Laura Ekstrand laura at jlekstrand.net
Mon Oct 20 16:30:48 PDT 2014


---
 tests/all.py                        |   1 +
 tests/spec/gl-1.4/CMakeLists.gl.txt |   1 +
 tests/spec/gl-1.4/polygon-offset.c  | 672 ++++++++++++++++++++++++++++++++++++
 3 files changed, 674 insertions(+)
 create mode 100644 tests/spec/gl-1.4/polygon-offset.c

diff --git a/tests/all.py b/tests/all.py
index eb317de..617700d 100644
--- a/tests/all.py
+++ b/tests/all.py
@@ -826,6 +826,7 @@ add_plain_test(gl14, 'tex1d-2dborder')
 add_plain_test(gl14, 'blendminmax')
 add_plain_test(gl14, 'blendsquare')
 add_concurrent_test(gl14, "gl-1.4-dlist-multidrawarrays")

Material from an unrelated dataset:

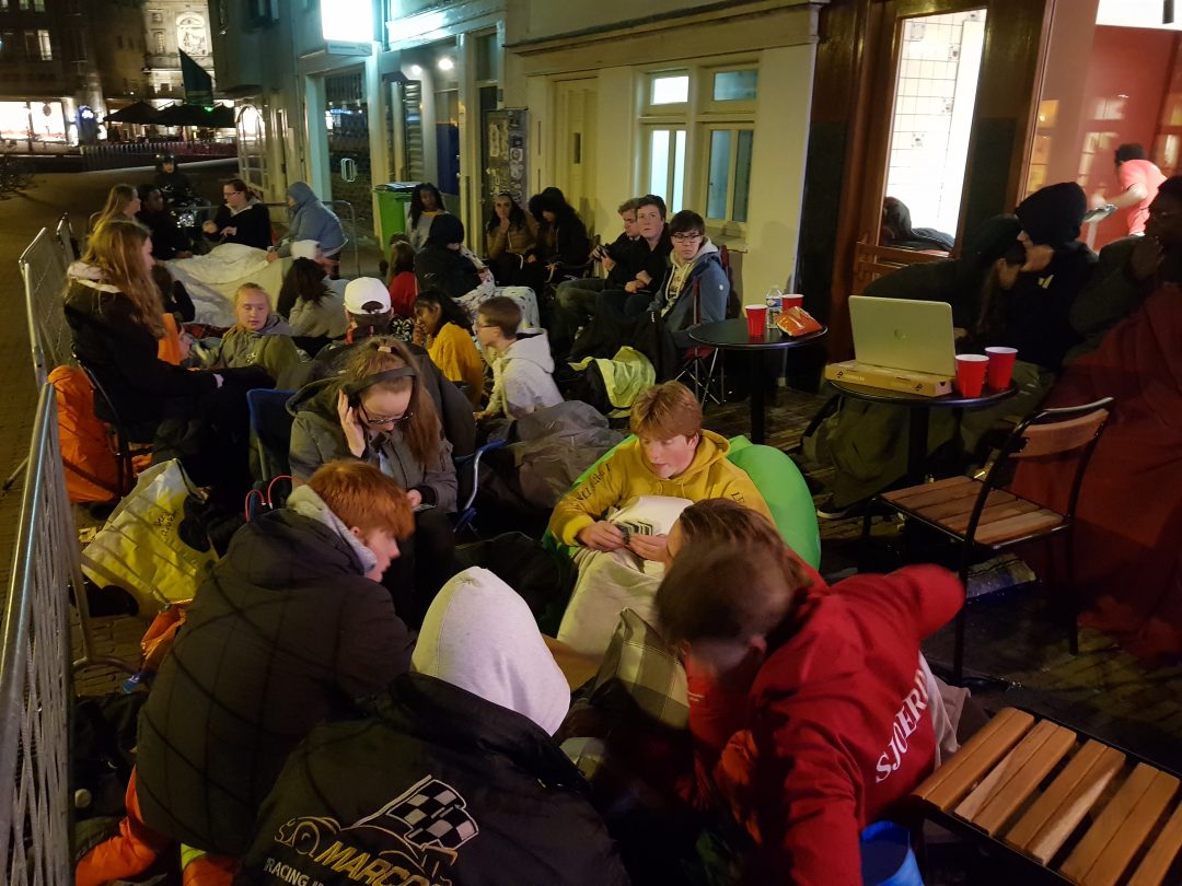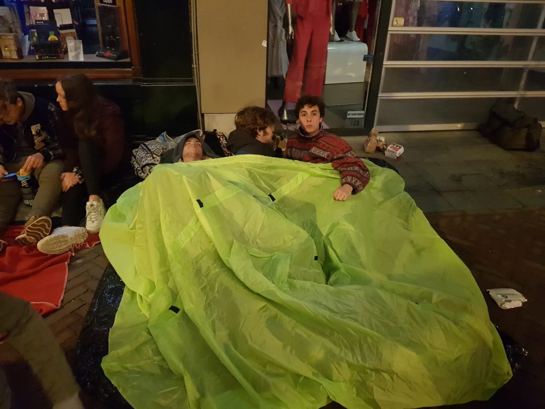 Niet iedereen is blij met de mensenmassa in de straat. Op twee hoog gaat een raam open. Een anonieme arm kiepert een emmer koud water naar beneden. Een voltreffer. De persoon in kwestie wil slapen en baalt van de herrie. Meegebrachte radio’s gaan uit, mensen manen elkaar tot stilte. Voor twee van hen komt dat te laat. Ze zijn doorweekt en twijfelen of ze nog zeven uur blijven. Zo lang duurt het nog voordat de poorten van het paradijs opengaan.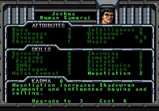 This patch is designed to add an extra benefit to the Negotiation attribute Shadowrun for the Sega Genesis

+add_concurrent_test(gl14, "gl-1.4-polygon-offset")
 add_msaa_visual_plain_tests(gl14, 'copy-pixels')
 add_plain_test(gl14, 'draw-batch')
 add_plain_test(gl14, 'stencil-wrap')
diff --git a/tests/spec/gl-1.4/CMakeLists.gl.txt b/tests/spec/gl-1.4/CMakeLists.gl.txt
index 1b1a16f..601c1e1 100644
--- a/tests/spec/gl-1.4/CMakeLists.gl.txt
+++ b/tests/spec/gl-1.4/CMakeLists.gl.txt
@@ -10,5 +10,6 @@ link_libraries (
 )
 
 piglit_add_executable (gl-1.4-dlist-multidrawarrays dlist-multidrawarrays.c)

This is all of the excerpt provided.